在仁が全力で現実逃避しているのを、茉莉が引き戻すように言った。
「頑張ろうね!」
その笑顔に、否を返す事は出来なかった。
「よし。分かった。じゃあやるか!」
覚悟を決めたら無駄な時間を過ごす訳にはいかない。在仁は持っていた紙の束を惟継に渡した。
「今から此処で、猛勉強致します。惟継様、こちら五部…いえ、十部コピーを取って下さい。それから、紙と鉛筆と、赤ペンもご用意ください。紅様と御爺様、松葉様は一旦お休みくださいませ。」
腕まくりした在仁が受験生モードになったので、惟継はすぐに必要な準備に取り掛かった。

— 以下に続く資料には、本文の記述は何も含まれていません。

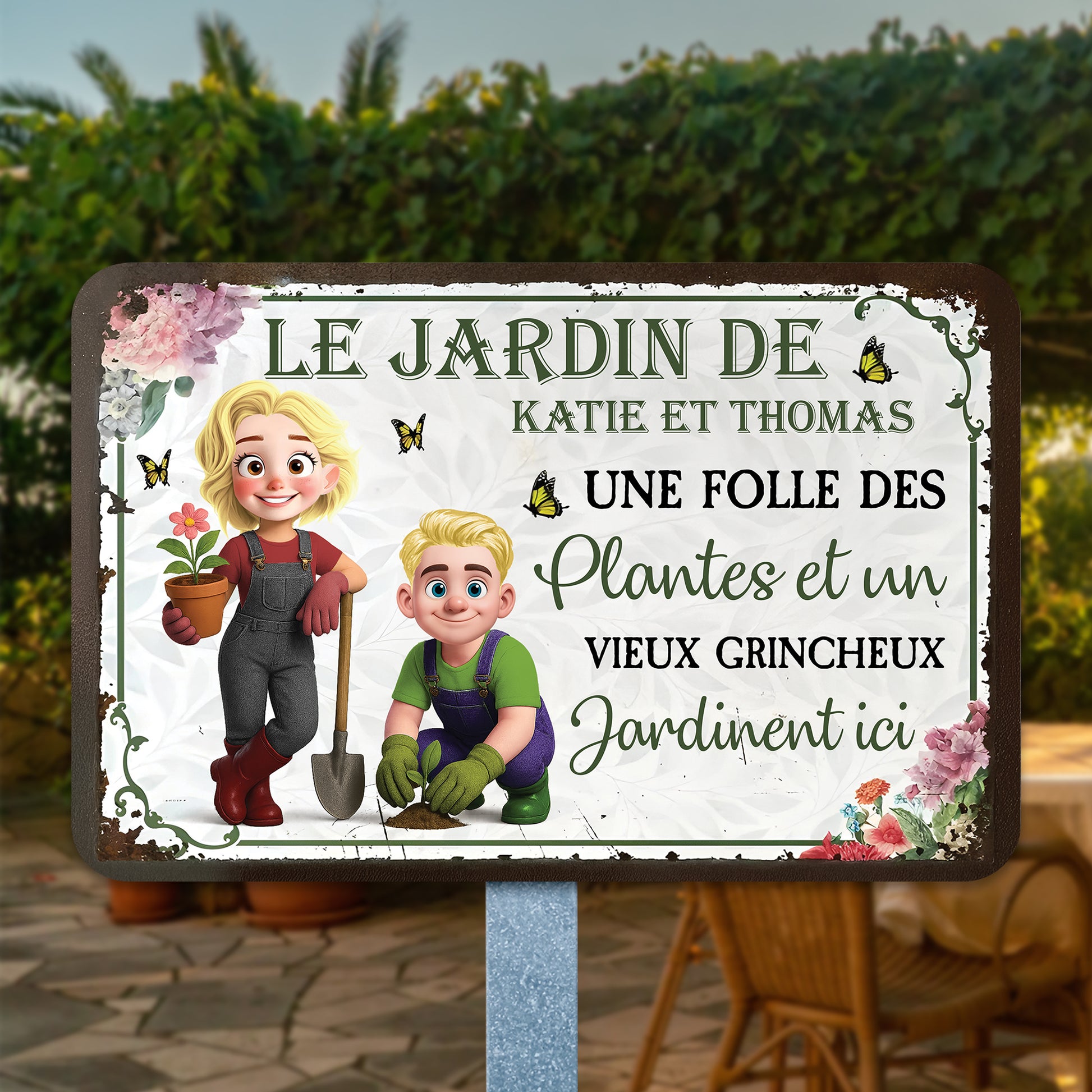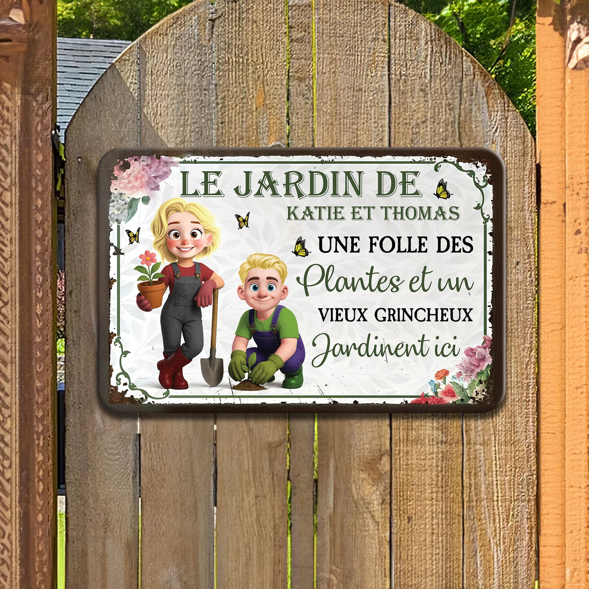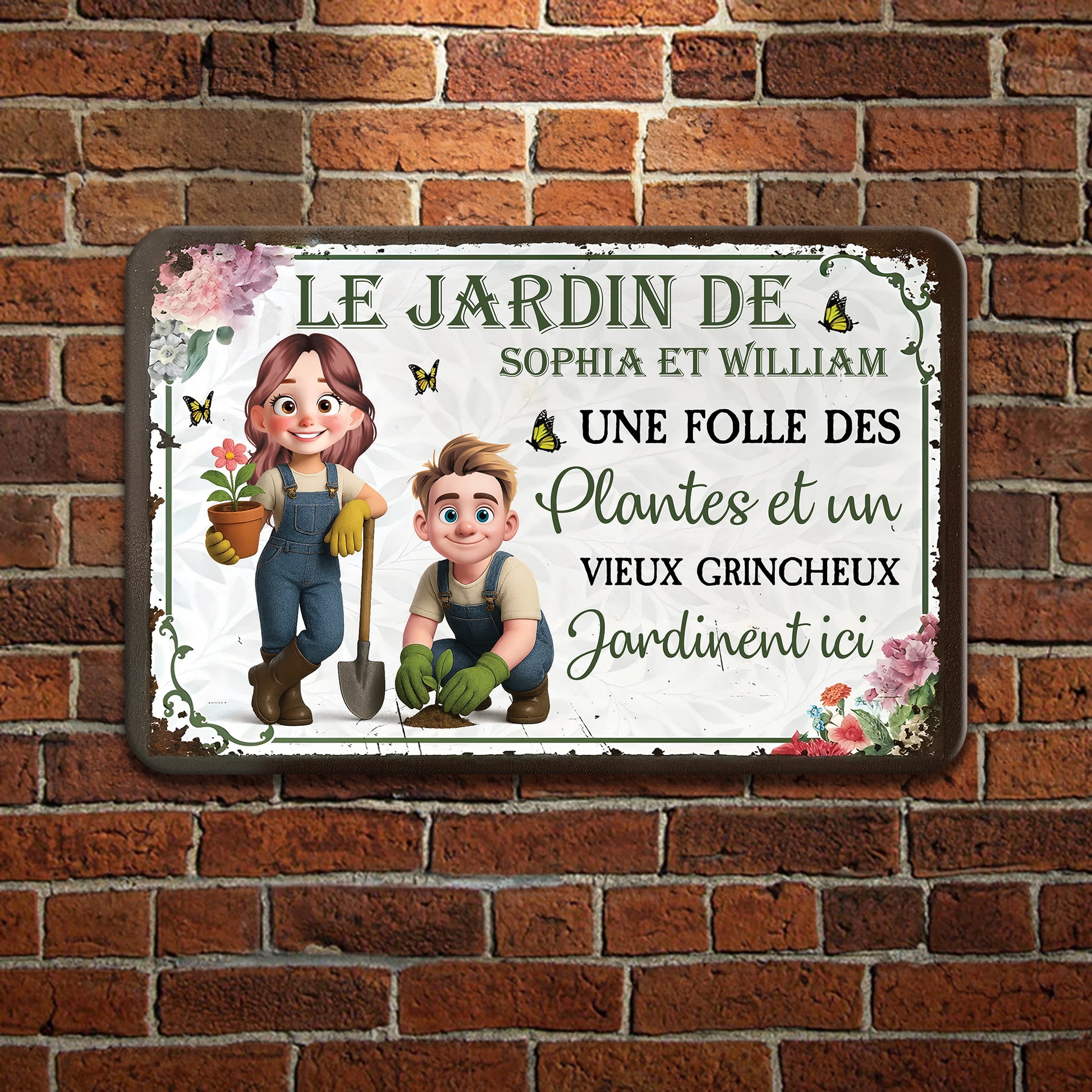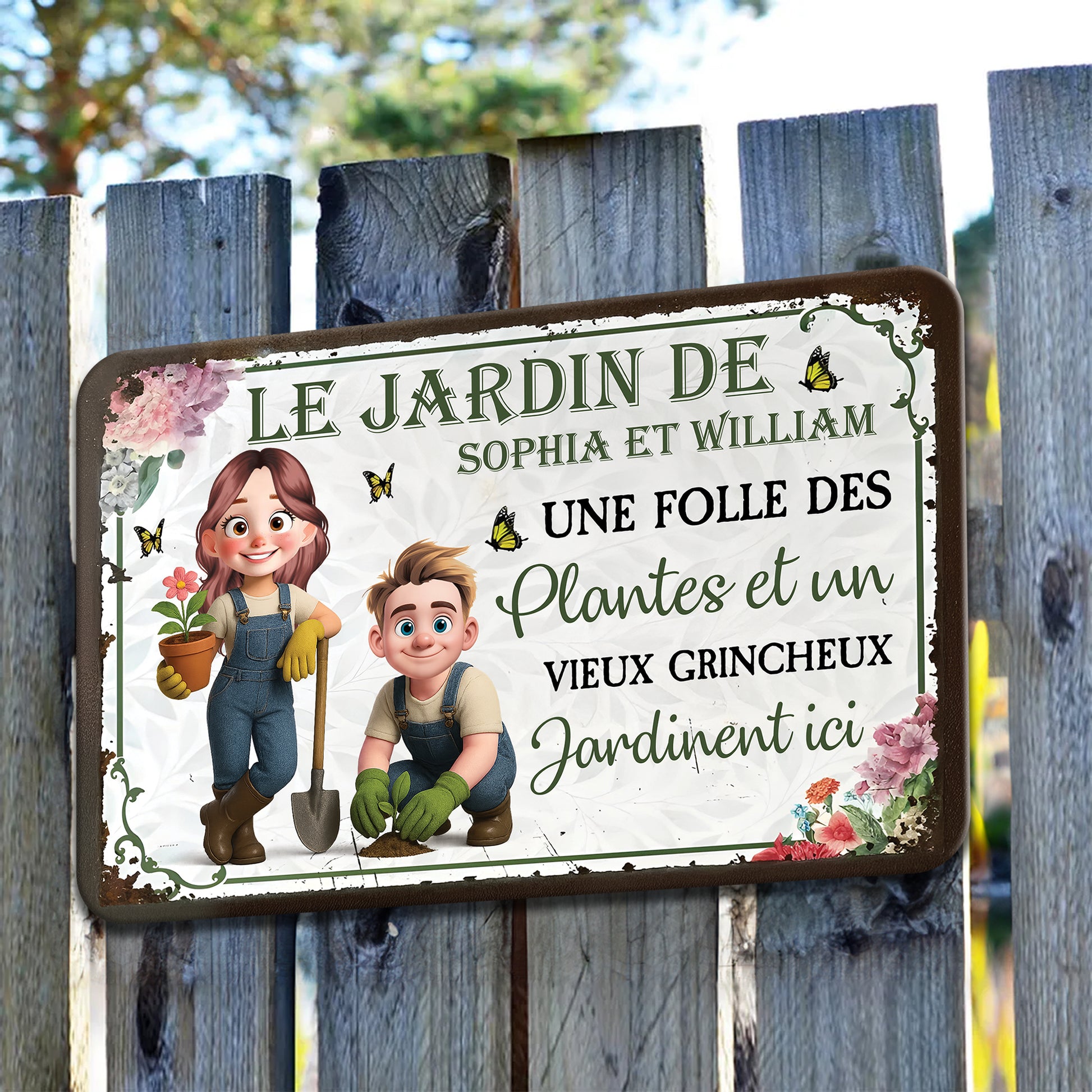 Une Folle Des Plantes et Un Vieux Grincheux – Plaque En Métal Personnalisée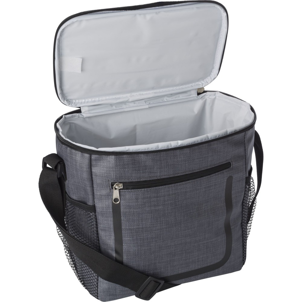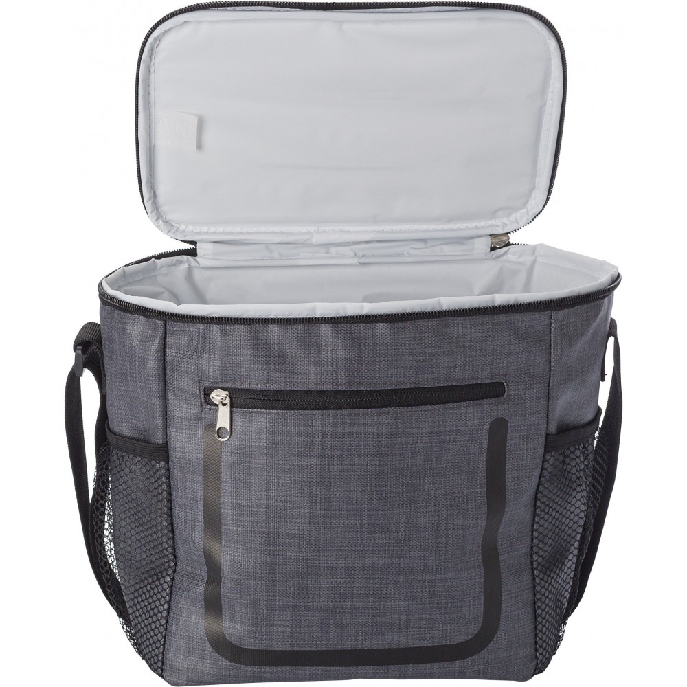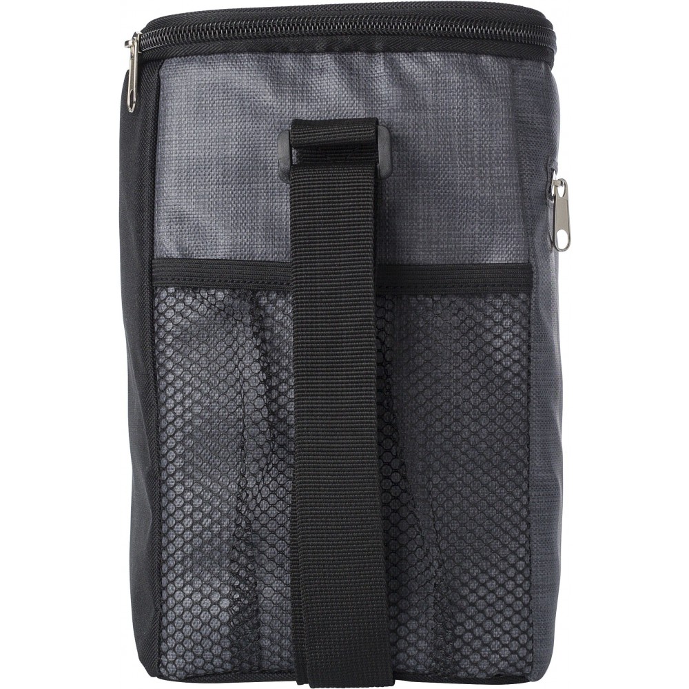 Hűtőtáska cipzáras elsőzsebbel és hálós oldalsó rekeszekkel. A belső rész fehér szigetelő fóliával van bélelve. A táska állítható vállpánttal rendelkezik. PE, PU műanyag.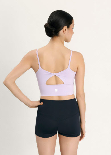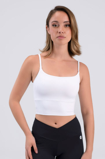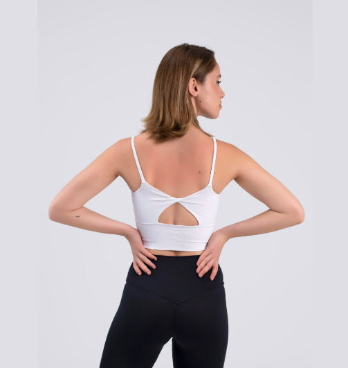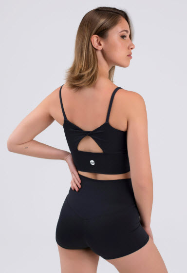 Top corto de tirantes con cinturilla ancha y escote circular, espalda con detalle cruzado, copas extraíbles en tallas adultas y logo blanco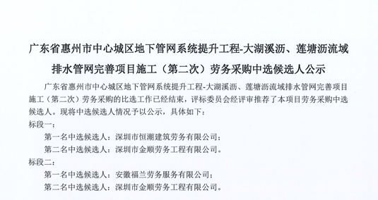 廣東省惠州市中心城區(qū)地下管網(wǎng)系統(tǒng)提升工程-大湖溪瀝、蓮塘瀝流域排水管網(wǎng)完善項(xiàng)目施工(第二次)勞務(wù)采購(gòu)中選候選人公示......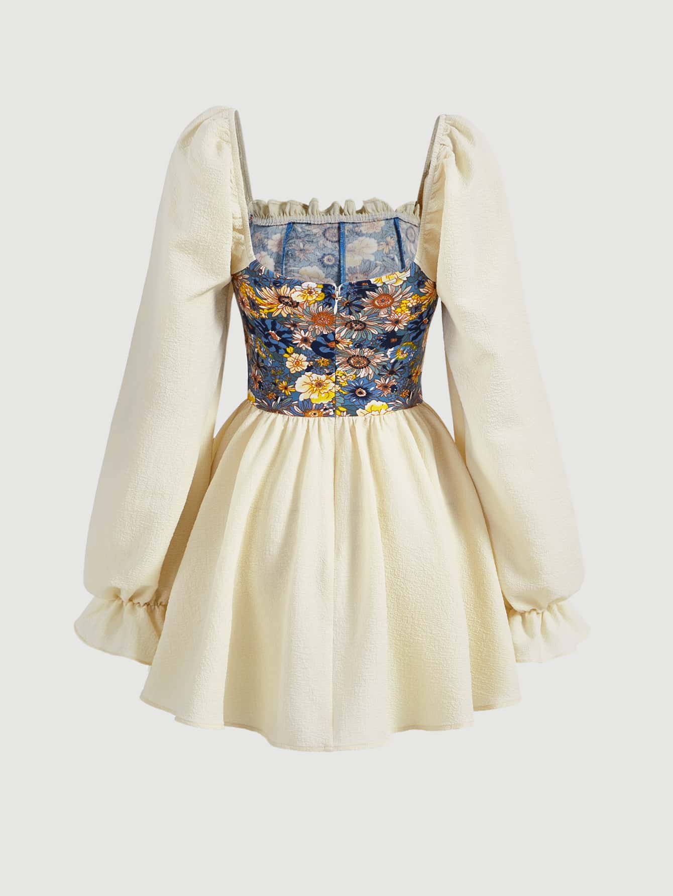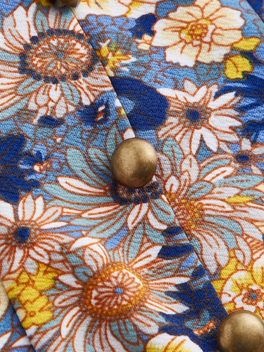 فستان طباعة الأزهار اكمام منتفضة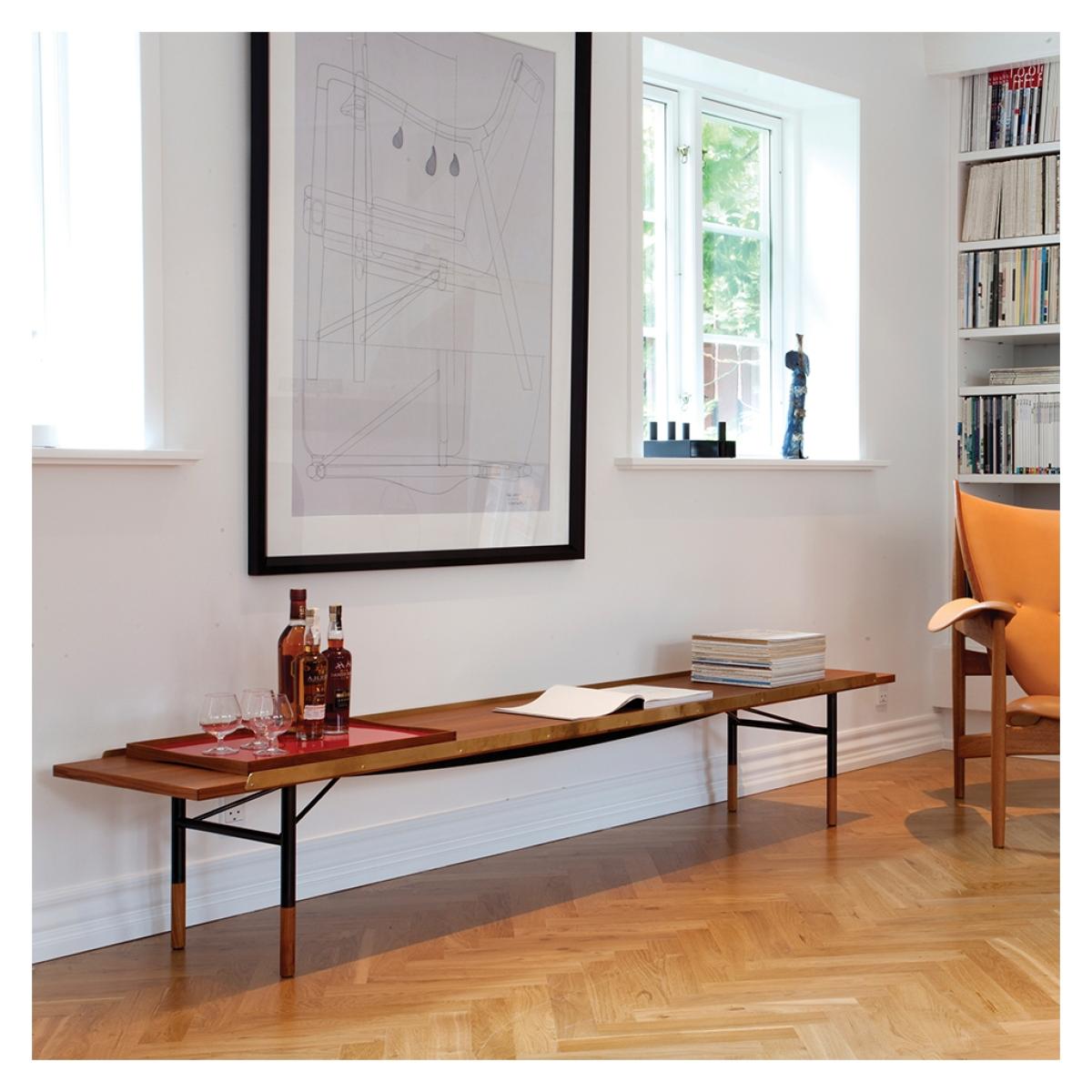 Finn Juhl, the master of Danish Modern, originally designed the large walnut and brass Table Bench in 1953 after having been inspired by the work of American designers he encountered. Exquisitely designed, the Table Bench formed part of the large-scale Design in Scandinavia show, an exhibition curated by Finn Juhl himself that travelled across North American between 1954 and 1957, and was attended by approximately 650,000 visitors. Equally suited to use as a coffee table, sideboard, bench and display unit, the Table Bench's top is expertly crafted from walnut and finished elegant matte polished brass edging. Resting on black steel legs with feet finished in matching walnut, the Table Bench would lend a design edge to any space. The first Danish furniture designer to achieve international recognition, Finn Juhl is seen by many as the master of Danish Modern. A self-taught designer, he originally studied to become an architect but worked with the mindset of a sculptor when creating his designs. Rather than thinking in terms of practicality, Finn Juhl broke free from the constraints of conventional working methods to create truly innovative designs.

北辰隊は長くなりそうだと察して交代の打合せを始めて、紅と松葉は仮眠を取ろうと出て行った。
けれど、青藍は残っていた。
「御爺様も御疲れでございましょう?」
「いや、私は残って説明をしよう。術は複雑だ。解説する者があった方が良かろう。茉莉さんも、具体的な事が分かった方がイメージが湧くはずだ。」
「もちろんそうですけど、御爺様倒れちゃいますよ。」
「私は大丈夫だ。すべて終わってからゆっくりと休む。」
そうでなければ眠れないと。そういう青藍の心配は全部在仁に向かっているのだが、心配で不眠という繊細さが在仁に似て見えた。
在仁は確かに懸念があると眠れないと納得して受け入れた。
「ありがとうございます。では、どうぞよろしくお願いいたします。」
そうして、在仁たちは福原にてお勉強会を開く事になったのだった。